Work item ▸ Write out nothing but the lines from the one containing "Nickel foil thickness: 25" through the last line below, both included, and without the pictures.

Extracted records:

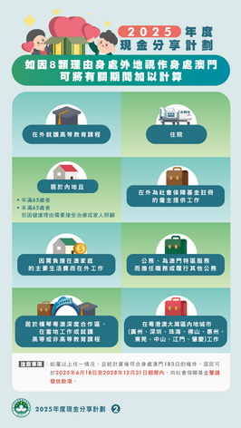根據《2025年度現金分享計劃》行政法規,因下列八類理由,包括就讀當地認可的高等教育課程;住院;年滿65歲居於內地,或者未滿65歲因健康原因而居於內地;在外地為已在社會保障基金登記的僱主工作;為負擔居於澳門的家庭成員主要生活費而在外地工作;履行公務;居於橫琴粵澳深度合作區、在當地工作或就讀當地認可的高等或非高等教育課程;在粵港澳大灣區內地城市工作。則可視為身處澳門,並可申請將有關期間計入在澳期間,如經計算後符合在澳183日的標準,則可獲發款項:居民如有查詢,可致電查詢熱線2822 5000。
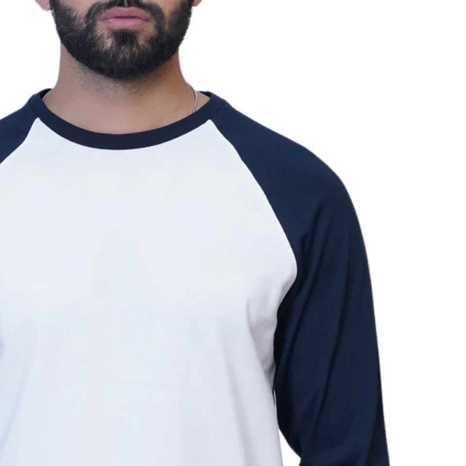 Sudadera Raglán Premium Blanca y Azul Marino, Cómoda, Unisex, Suave, Duradera, Elegante, Informal, para Uso Diario
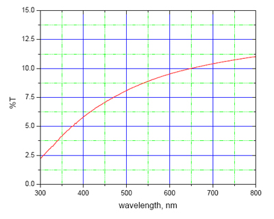 Nickel foil thickness: 25 micron We offer multilayer graphene films that are about 300 monolayers (105 nm) thick on average. These graphene films are grown on nickel foil and continuous across nickel surface steps and grain boundaries. The graphene grown on nickel film is multilayer and is not uniform. It looks like a patchwork whereas the “patches” have different thicknesses. The graphene layers within the same patch are aligned relative to each other (there is a graphitic AB-staking order). The size of the patches is about 3-10 microns. 典型SEM圖像 / 轉移到玻璃基底以后的透過率曲線 |
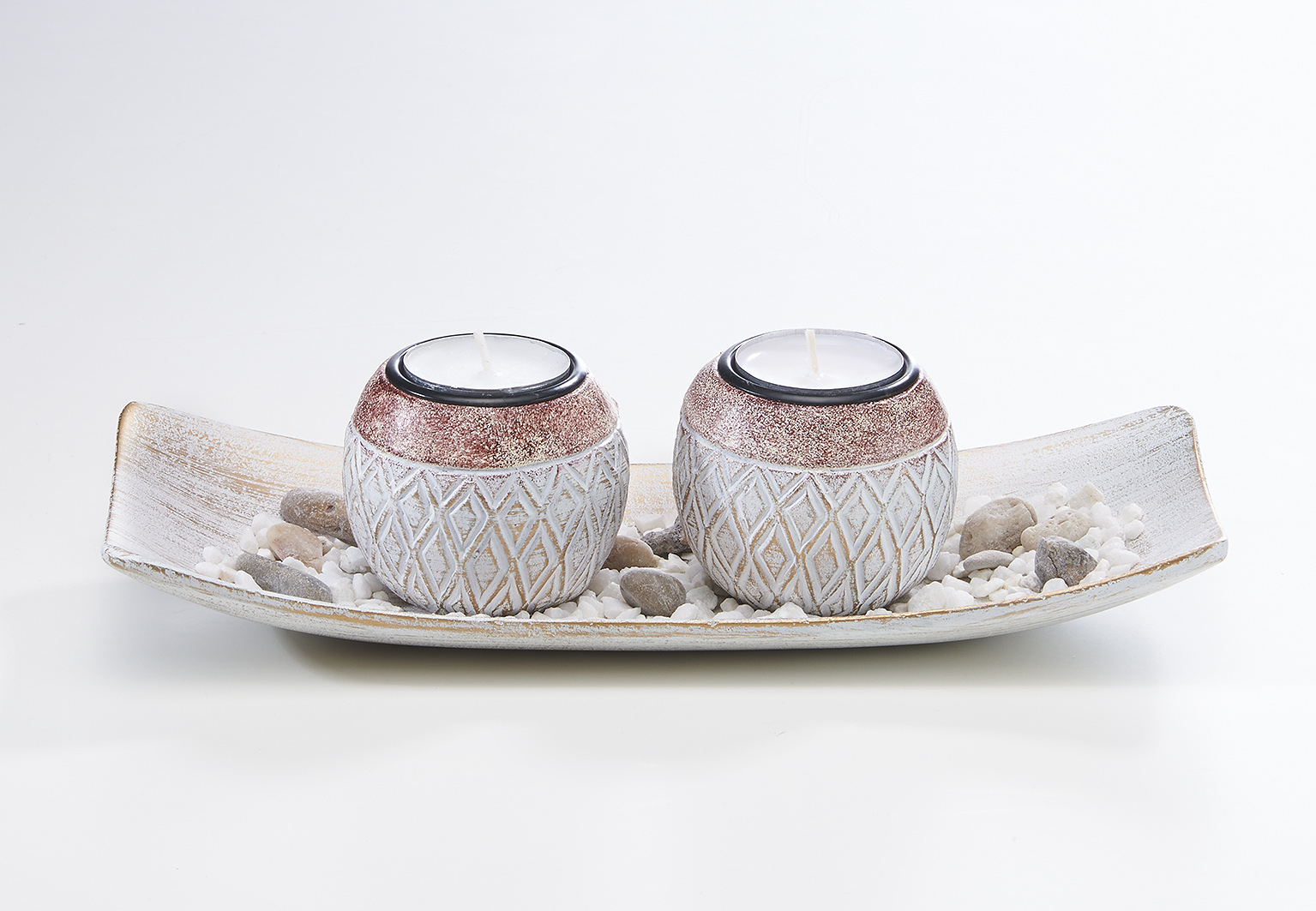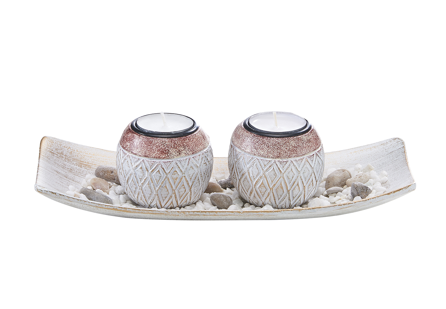 Dieses wunderschöne und aufwendig dekorierte Komplettset ist garantiert ein Blickfang in Ihrem Zuhause und rundet Ihre Einrichtung perfekt ab. Das Set von Kobolo besteht aus einem Dekoteller, zwei Kerzenhaltern und den dazugehörenden Dekosteinen. Länge 26cm x Breite 10cm x Höhe 6cm
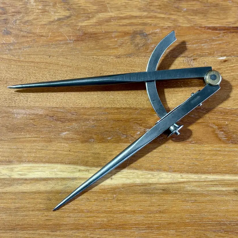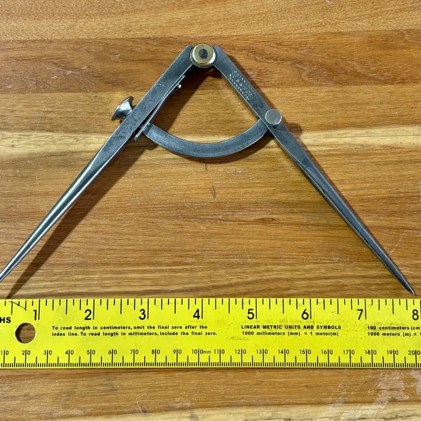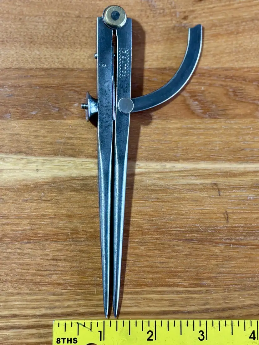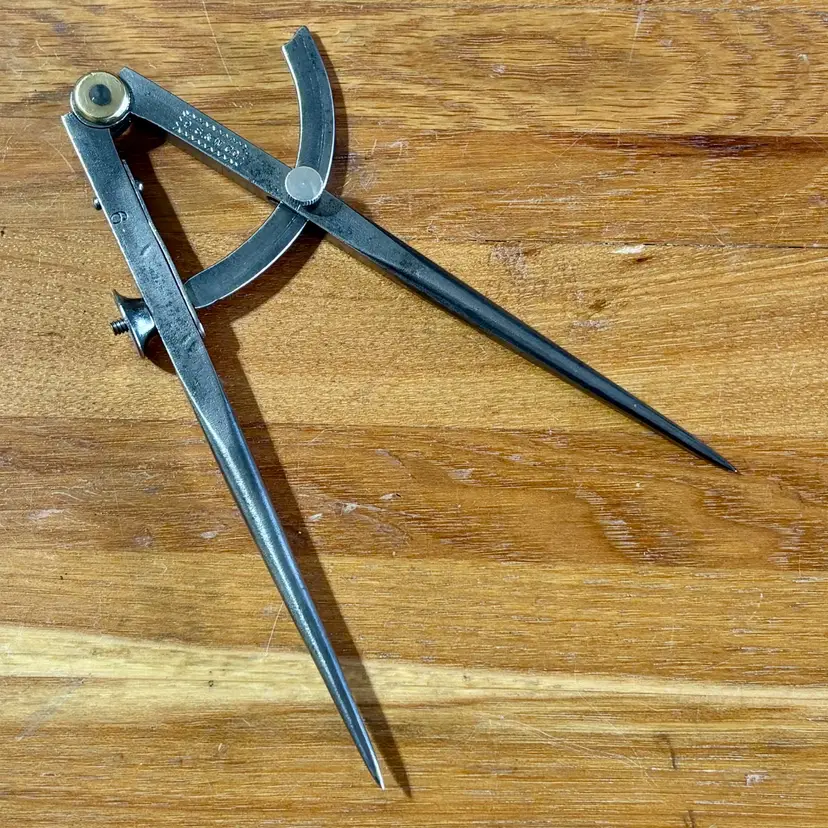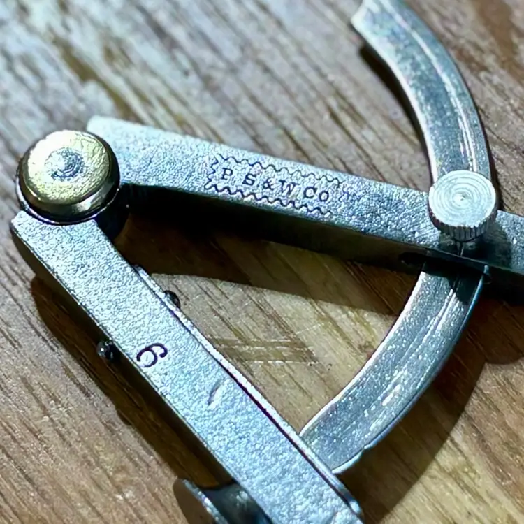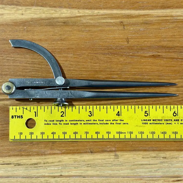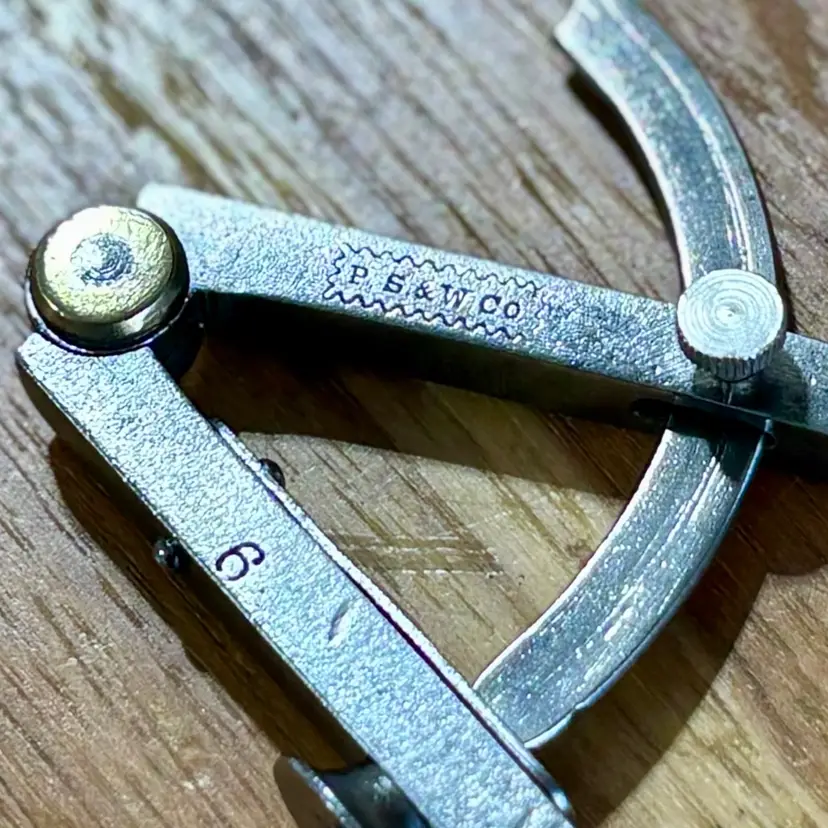 Vintage Peck Stow & Wilcox Tool Company Winged Dividers. Measures 6" in length when closed and has a wingspan of 8" when fully opened. Maker's mark "P. S. & W. Co." is visible on one leg inside of a fluted rectangle, with a "6" on the other. The pivot point of the dividers has a brass accent on both sides. See pictures for details. Let me know if you have any questions.

Output for this task ▸
 Nickel foil thickness: 25 micron We offer multilayer graphene films that are about 300 monolayers (105 nm) thick on average. These graphene films are grown on nickel foil and continuous across nickel surface steps and grain boundaries. The graphene grown on nickel film is multilayer and is not uniform. It looks like a patchwork whereas the “patches” have different thicknesses. The graphene layers within the same patch are aligned relative to each other (there is a graphitic AB-staking order). The size of the patches is about 3-10 microns. 典型SEM圖像 / 轉移到玻璃基底以后的透過率曲線 |
 Dieses wunderschöne und aufwendig dekorierte Komplettset ist garantiert ein Blickfang in Ihrem Zuhause und rundet Ihre Einrichtung perfekt ab. Das Set von Kobolo besteht aus einem Dekoteller, zwei Kerzenhaltern und den dazugehörenden Dekosteinen. Länge 26cm x Breite 10cm x Höhe 6cm
 Vintage Peck Stow & Wilcox Tool Company Winged Dividers. Measures 6" in length when closed and has a wingspan of 8" when fully opened. Maker's mark "P. S. & W. Co." is visible on one leg inside of a fluted rectangle, with a "6" on the other. The pivot point of the dividers has a brass accent on both sides. See pictures for details. Let me know if you have any questions.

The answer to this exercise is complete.